# Inland Revenue Affidavit (Form CA24) Computer Version



## georged3rd (16 May 2013)

I'm currently applying for Grant of Probate via Personal Application. 
Per Revenue eBrief No. 65/10 at [broken link removed] _Revenue are now making an alternative version of the form available on the website. _
_This alternative version of the form must be completed using a computer. Two original copies of this completed form must be printed and sworn before submission to the Probate Office. _

I'm using the above alternative form. I've filled in all sections bar Part 3 Sworn Declaration obviously. 

1. Does the form need to be printed in colour or black & white, single sided or double-sided?
2. For Part 3 Sworn Declaration do any of the fields need to be filled out by computer or are all fields to be filled in when it is being sworn by Commissioner of Oaths/Practicising Solicitor/Court Clerk?

Re CA25 - Inland Revenue Affidavit Guide - Sworn declaration at http://www.revenue.ie/en/tax/cat/leaflets/ca25/declaration.html which states;

_Insert Surname and Forename of Applicant, address of place where document is being sworn/affirmed, date of signing. _

_The Inland Revenue Affidavit must be sworn/affirmed by the applicant and witnessed by a Commissioner for Oaths, a practising solicitor or (where the applicant is applying in person for a Grant) a Court Clerk/Probate Registrar._

3. I assume that since I am applying for Grant of Probate via Personal Application that I am effectively applying in person for a Grant and that therefore I must get a Court Clerk or Probate Registrar to complete Part 3, is that correct? Or will getting it sworn by practising solicitor prior to submitting to the Probate Office suffice? (If getting it sworn by Probate Registrar I understand that this can be done in the Probate Office at the same time as submitting the forms). 

I know the Probate Office are there to answer these kind of questions (& I will phone them if necessary) but I'm asking them here because;

i) Probate Office's Personal Applications section only has 1 employee it appears.
ii) The Personal Applications section is only available to receive calls after 2.30pm daily.
iii) Even after 2.30pm Personal Applications is not always available to take a call due to meetings.
iv) I have been given conflicting answers by Personal Applications for other unrelated questions at different times. 
v) I'm interested in learning from other people's experience who have used this alternative (computer-filled) form & have applied by Personal Application. 

Any help appreciated. Thanks.


----------



## swiggy (16 May 2013)

In answer to your questions

1. I printed it in black and white, single sided (note in my case there were not enough pages on the form to fill in all joint assets so I just printed out the pages applicable to the joint assets again and inserted them into the form.

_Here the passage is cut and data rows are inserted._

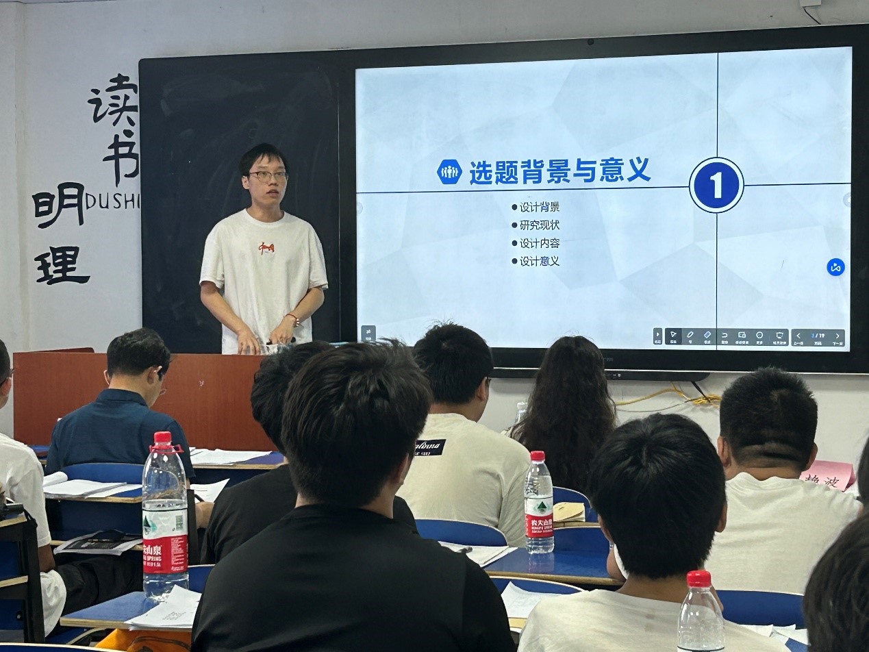 本次毕业设计(论文)答辩流程为每组学生根据提前抽签的顺序依次答辩,每位学生答辩环节包括7-10分钟的毕业设计(论文)PPT汇报、各答辩教师1-2个实质性的提问、学生回答、答辩教师打分、答辩秘书记录及分数汇总。
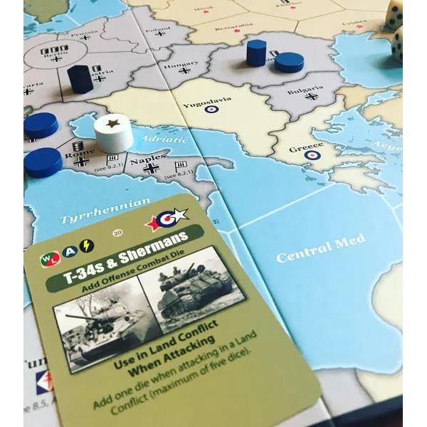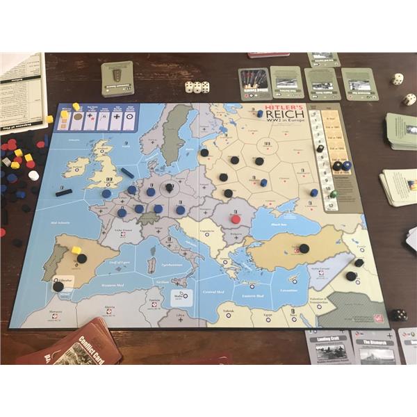 No stacks of armies, no hexes, no overly-lengthy rules to learn - Hitler’s Reich takes five minutes to set up and two hours (or less!) to play. Players fight over Europe, across North Africa, the Atlantic and Mediterranean, and into Russia using a simple dice-enhanced conflict card comparison combat mechanism. Or, as one BGG poster better put it, "a simultaneous revelation of cards similar to Twilight Struggle’s Headline Phase, but with a choice of what Conflict Card to play" - all with dice added in. High-quality wooden pieces mark their progress, which is aided economically, politically and on the battlefield through the competition for and play of Event Cards drawn from three unique decks: one for the Axis, one for the Allies, and one from which either side can attempt to draw.
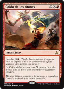 | Rules | Surge (You may cast this spell for its surge cost if you or a teammate has cast another spell this turn.) Fall of the Titans deals X damage to each of up to two targets. |
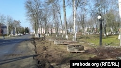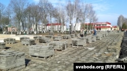 Маштабная рэканструкцыя вядзецца ў цэнтры, на Краснай плошчы. Сквэр прарэджаны, некаторыя дрэвы сьпілаваныя. Рабочыя з Брагіну, якія працуюць у ДРСУ-155, зьнялі ўсю плітку з ходнікаў, каб замяніць яе на сьвежую.
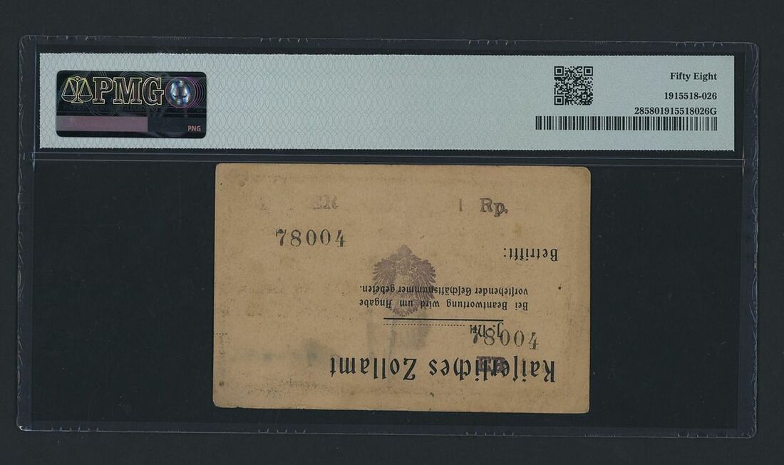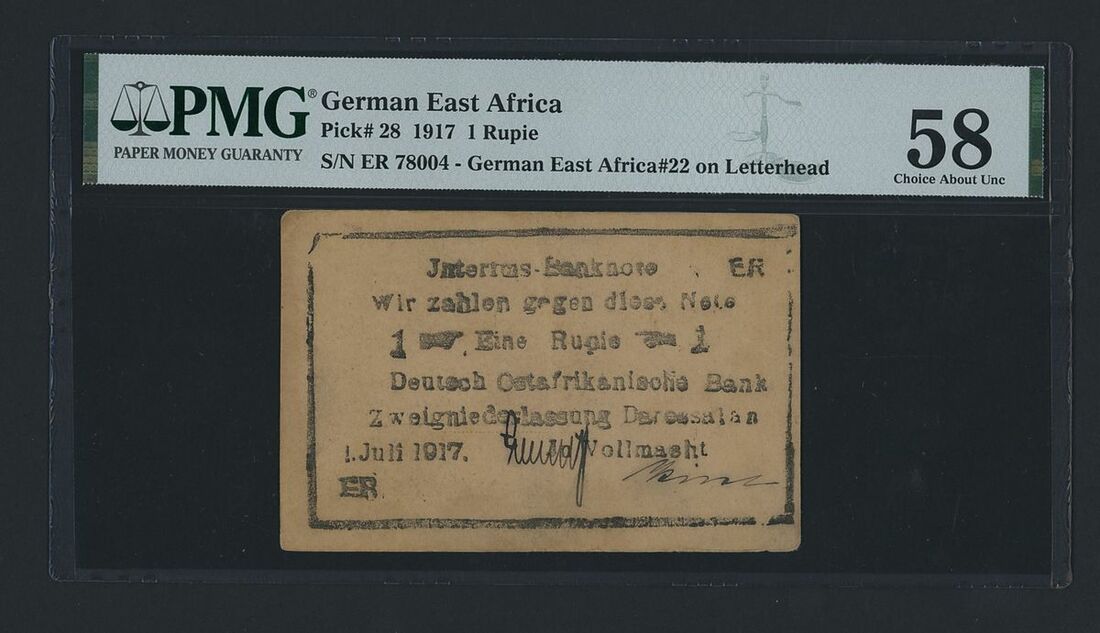 Deutsch-Ostafrikanische Bank, German East Africa, [Inverted Letterhead] 1 Rupie, 1917, serial number ER 78004, (Pick 28), in PMG holder 58 Choice About Uncirculated, with inverted letterhead overprint
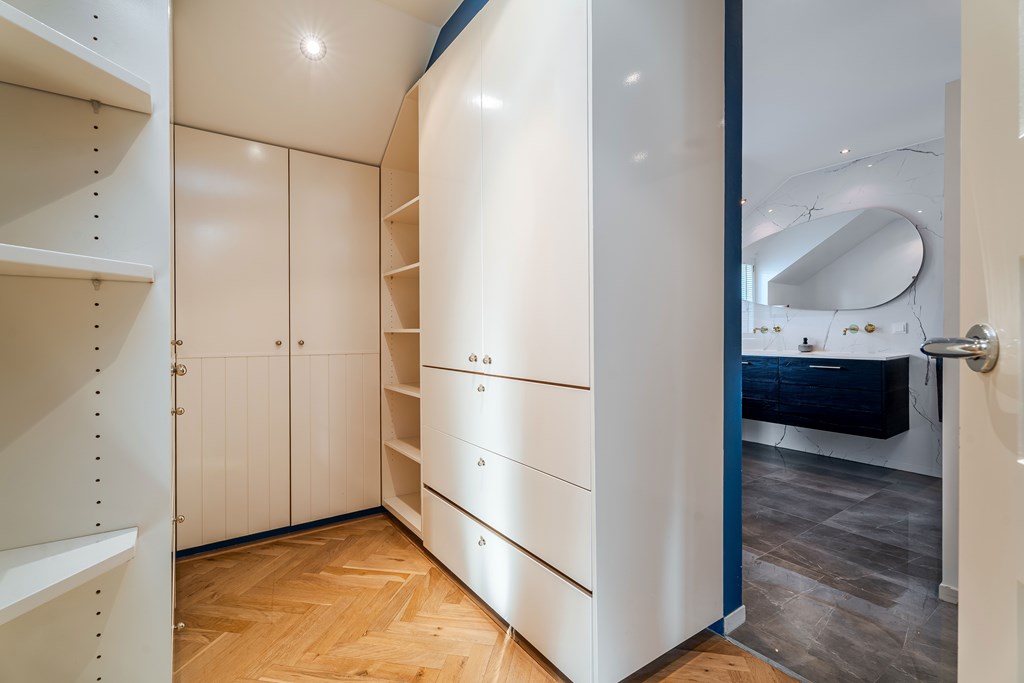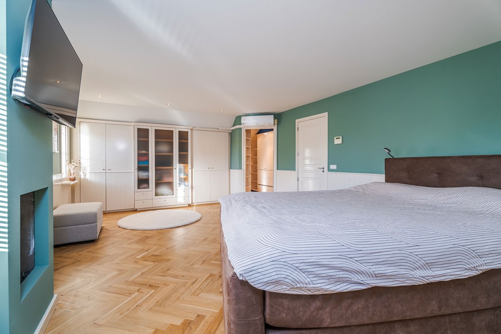 Slaapkamer 1 (master bedroom) is gelegen aan de achterzijde van de woning. Deze slaapkamer is voorzien van een gashaard, kastenwand en een airco. Aansluitend heeft u via de kleedkamer toegang tot de badkamer ensuite.
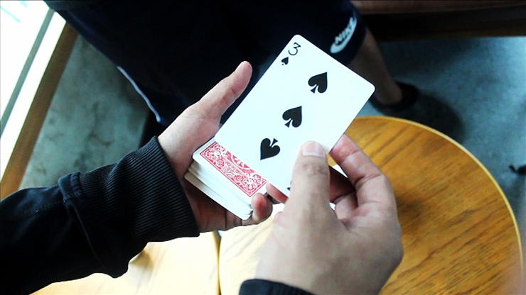 The spectator selects a card and it’s lost in the pack. The magician drops the deck and their card visually appears on top! HALLUCINATION is now ready to learn.
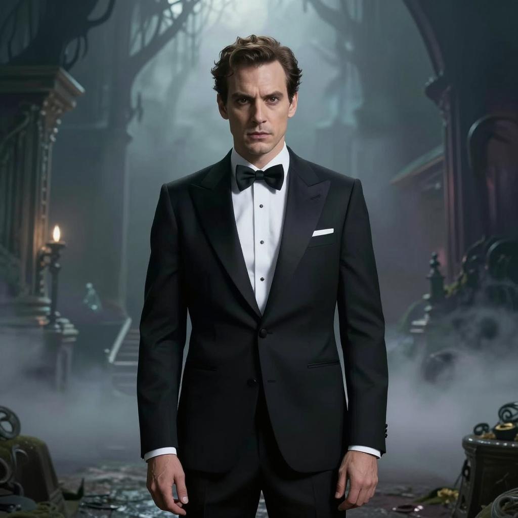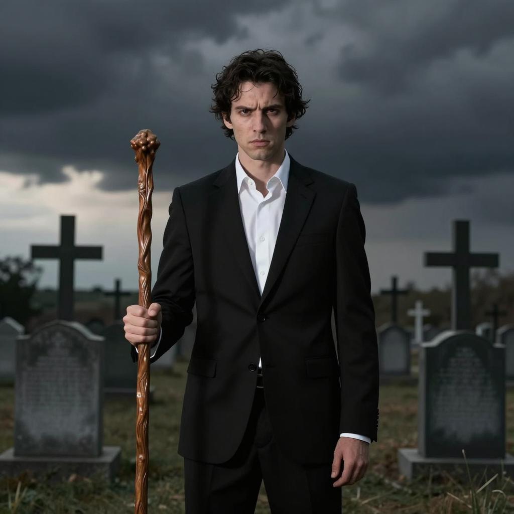 A bald man in a black robe stands in a dimly lit, ornately decorated hallway, hiding behind a door with his hand on the wall. His intense gaze faces the viewer. An old-fashioned lamp illuminates part of the wall. Background includes an open door and a window with blinds. The setting has dark wooden furniture and intricate wall designs.
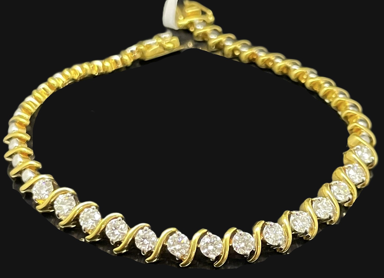 Delicate yet dazzling, this diamond bracelet (CJ2522) is a perfect harmony of elegance and craftsmanship. Set in 18K gold and weighing 16.482 grams, it features 1.84 carats of high-quality white diamonds (VVS–VS) that radiate refined brilliance. Whether worn alone or layered, this bracelet adds a graceful sparkle to any look.
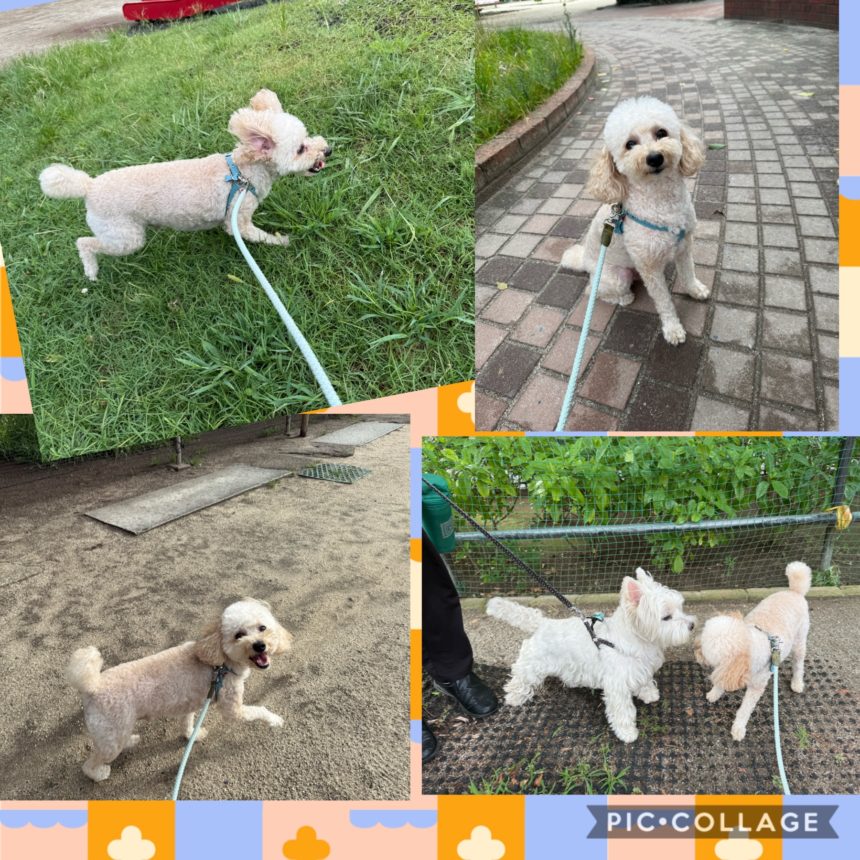 ラテと張り切ってお散歩へ。ラテはお散歩が大好きで楽しみに待っています。
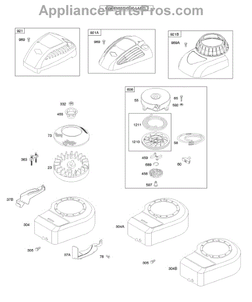 Parts for Briggs & Stratton 10H902-0455-E1: Blower Housing / Shrouds, Flywheel, Rewind Starter Parts
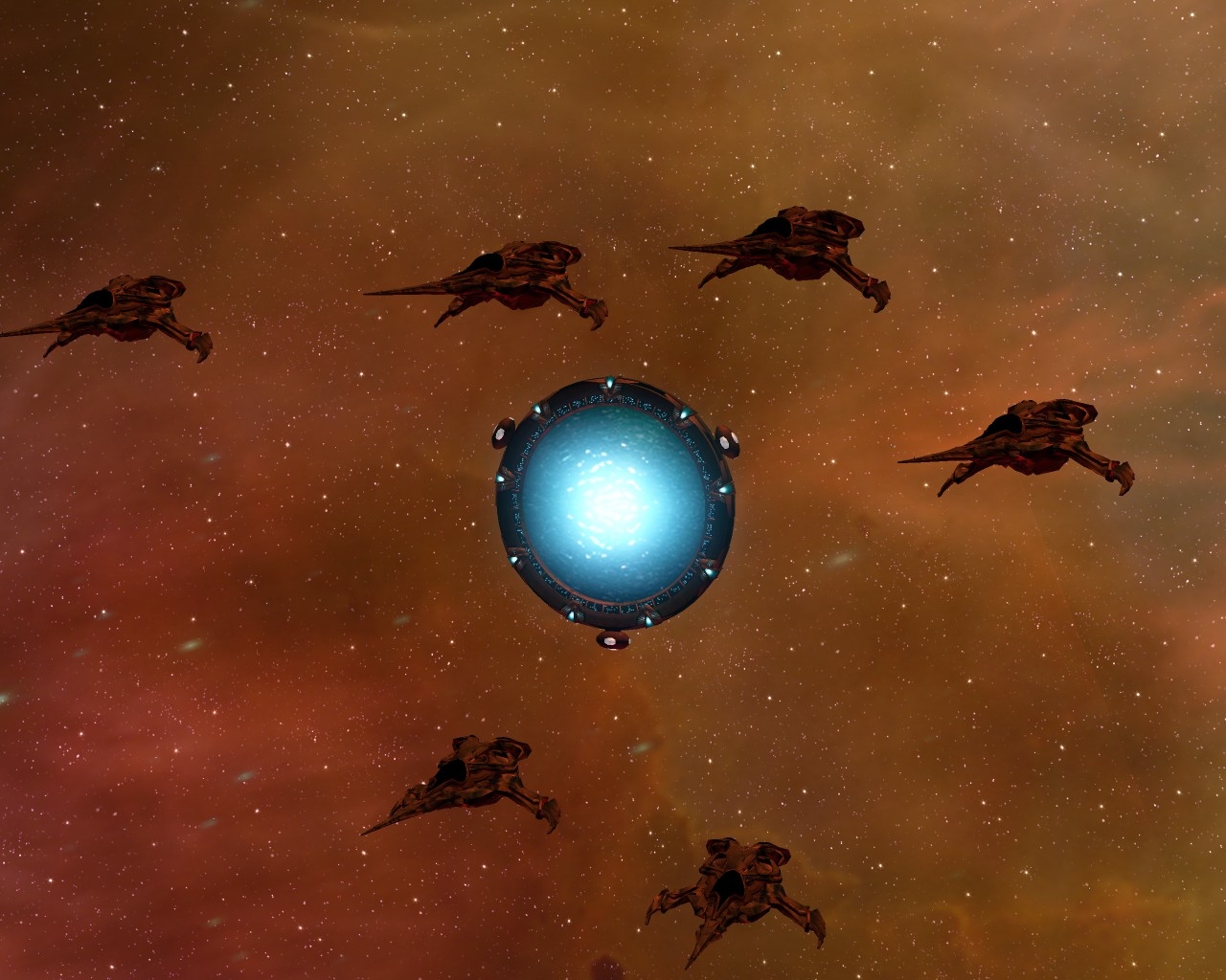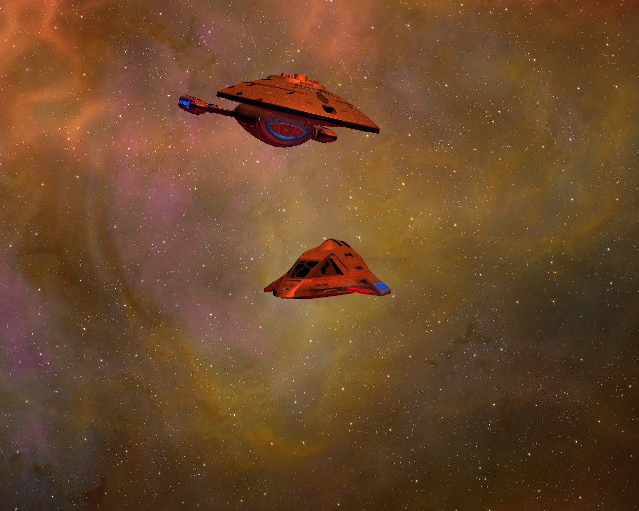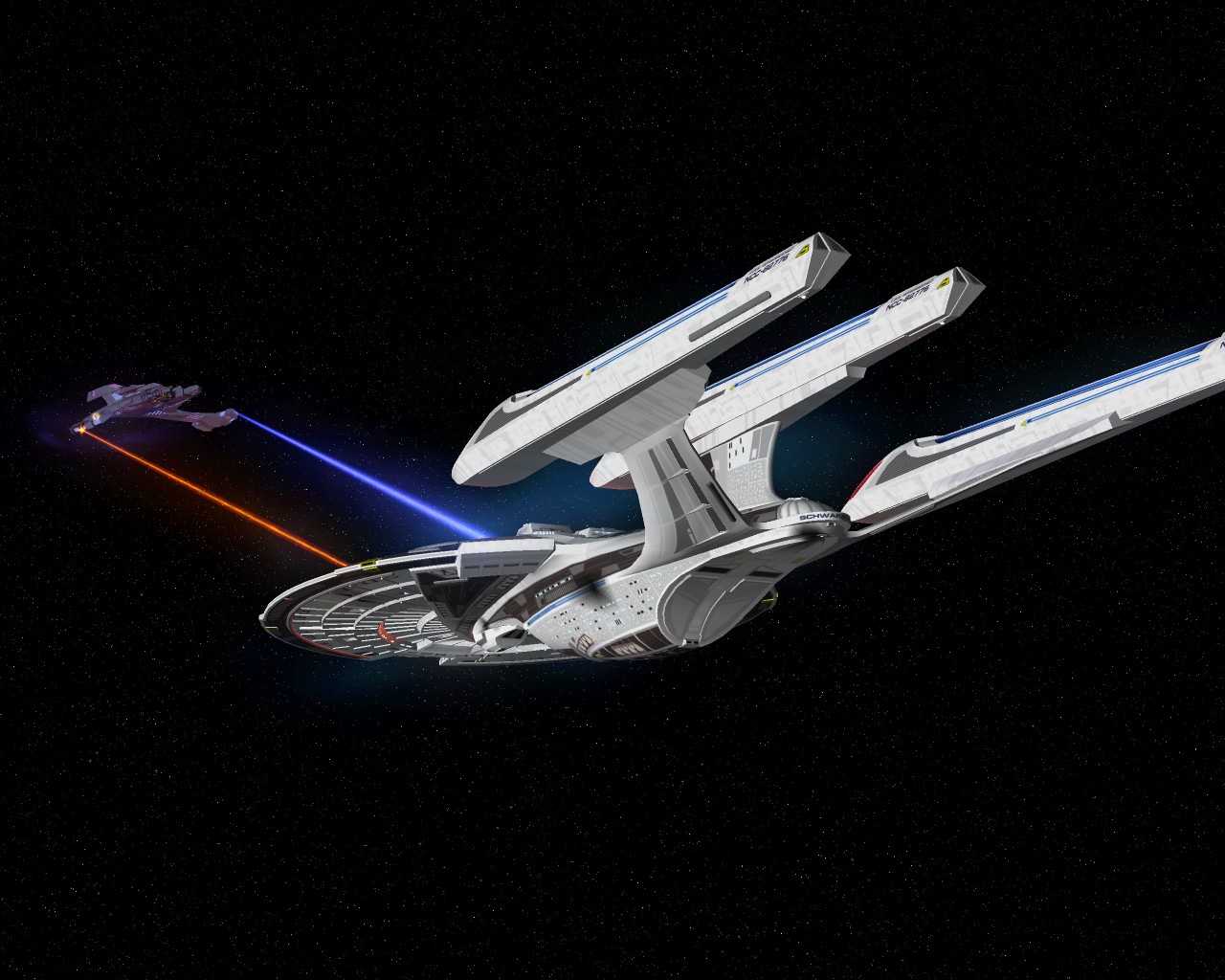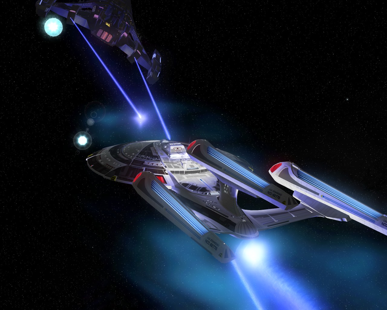 Ich hab noch Beisspielbilder aus KM 0.9 gefunden. So sollte es eigentlich normal aussehen wenn ein Schiff der Sovereign Klasse schwer beschädigt ist:
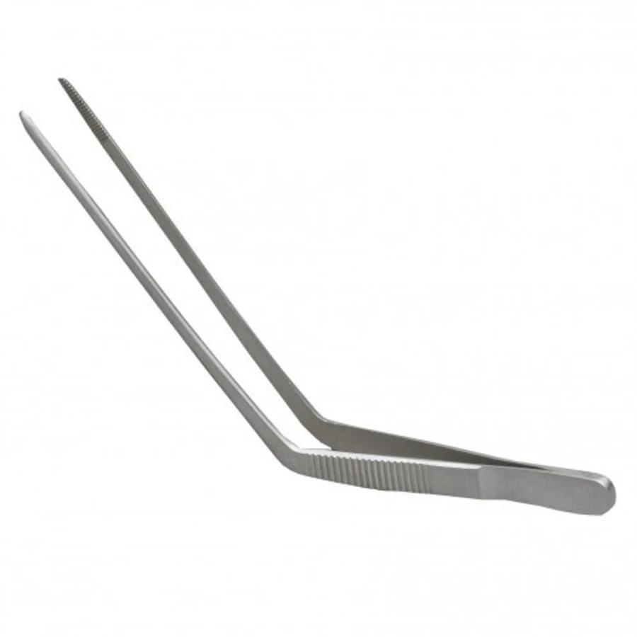 De pincet gebogen Loco is een oorpincet, kniegebogen met geribbeld uiteinde van JUNAI.
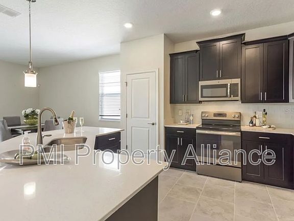 Nestled in a tranquil setting, this charming one-story home offers a spacious and open floor plan with four bedrooms and two bathrooms. The heart of the home is the kitchen, which flows seamlessly into a generous family and dining area. With its beautiful espresso cabinetry, modern appliances, granite countertops, and a convenient pantry, the kitchen is perfect for both everyday living and entertaining. The master suite provides a peaceful retreat, featuring an oversized bathroom with his and her sinks, elegant granite countertops, and a large shower. The double walk-in closet offers ample space for all your storage needs. Step outside to enjoy a serene, covered rear patio, where you can take in the scenic views of the surrounding forest and pond. Additional highlights include a well-appointed laundry room and a two-car garage. This home combines thoughtful design, modern amenities, and a peaceful atmosphere, making it a truly wonderful place to call home. Tenants will have access to the Oasis Resort Amenities for free and for an additional fee the Champions Gate Country Club. Washer and Dryer Included. Some of the photos may be staged with furniture that is not included. Call today for a convenient showing.
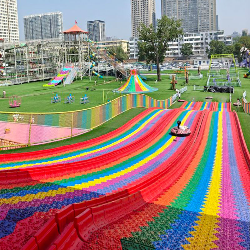 Flyfun — tobogán arcoíris personalizado para parques de entretenimiento al aire libre, tobogán tipo donut con colchoneta colorida para niños y adultos

So effectively the form had two pg 10's two pg 11's and two pg 12's)

2. I filled in the applicant and document type in part 3 before going to solicitor, solicitor then signed and put solicitor stamp on it

3. Probate form signed by solicitor was accepted by probate office.

I gave up ringing the dublin office as they rarely answered and so rang other offices outside of Dublin.  They are usually more helpful.


----------



## georged3rd (16 May 2013)

Great stuff, thanks swiggy. Out of curiosity;
1. Did you post or hand in the completed forms to the Probate Office (with form PA2 & Form of Understanding)?
2. Did you include copies of account statements with the completed forms or was this necessary (I note its not requested but that other people have included statements).
3. On average how long was it before you got an appointment with the Probate Office & from then how long did it take before you were given the Grant of Representation?


----------



## georged3rd (16 May 2013)

Side question for anyone else who has gone through the Probate process via Personal Application;
Do you know if it's possible to obtain a Grant of Representation with a Probate Office which is outside of your immediate county? E.g. The Dublin office covers Dublin, Meath, Kildare & Wicklow. If I was to apply in Wexford or Waterford would it be accepted? 

The Limerick office implied that it could be done (they were very helpful btw) but still didn't sound 100% sure. The Dublin office said it had to be in Dublin given that I live in one of the above counties. (Unable to reach the Waterford or Wexford office to confirm).


----------



## swiggy (16 May 2013)

I hand delivered all the forms as didn't want them to get lost in the post- a lot of effort went into preparing it! I didn't include account statements. They are not needed at this stage, just make sure you have back up for everything at the appointment as they will check everything. It took about 4 months to get an appointment. I got the grant in about a week after the appointment. You will have to go to the stamp office after your appointment to get the ca 24 stamped. You then go back to the probate office and hand it in and they will process it for the grant.  You can do this on the same day, the stamp office is within walking distance of the probate office.


----------



## georged3rd (16 May 2013)

swiggy said:


> I hand delivered all the forms as didn't want them to get lost in the post......


 Perfect, thanks. I don't suppose you happen to know if it's possible to apply via a Probate Office outside of your immediate area (e.g. one of the less busy rural offices)?


----------



## swiggy (17 May 2013)

I don't know about applying outside of Dublin. To clarify above, you have to go to the stamp office to pay the probate fee. Proof of payment then needs to be shown to probate office before they will process grant. It's not the actual CA24 that gets stamped as far as I recall.


----------



## Franner (1 Nov 2015)

Does form CA24 have to be filled out on the computer?


----------



## Thirsty (1 Nov 2015)

No but its easier if you do.  Also note some of the info in this thread is out of date.


----------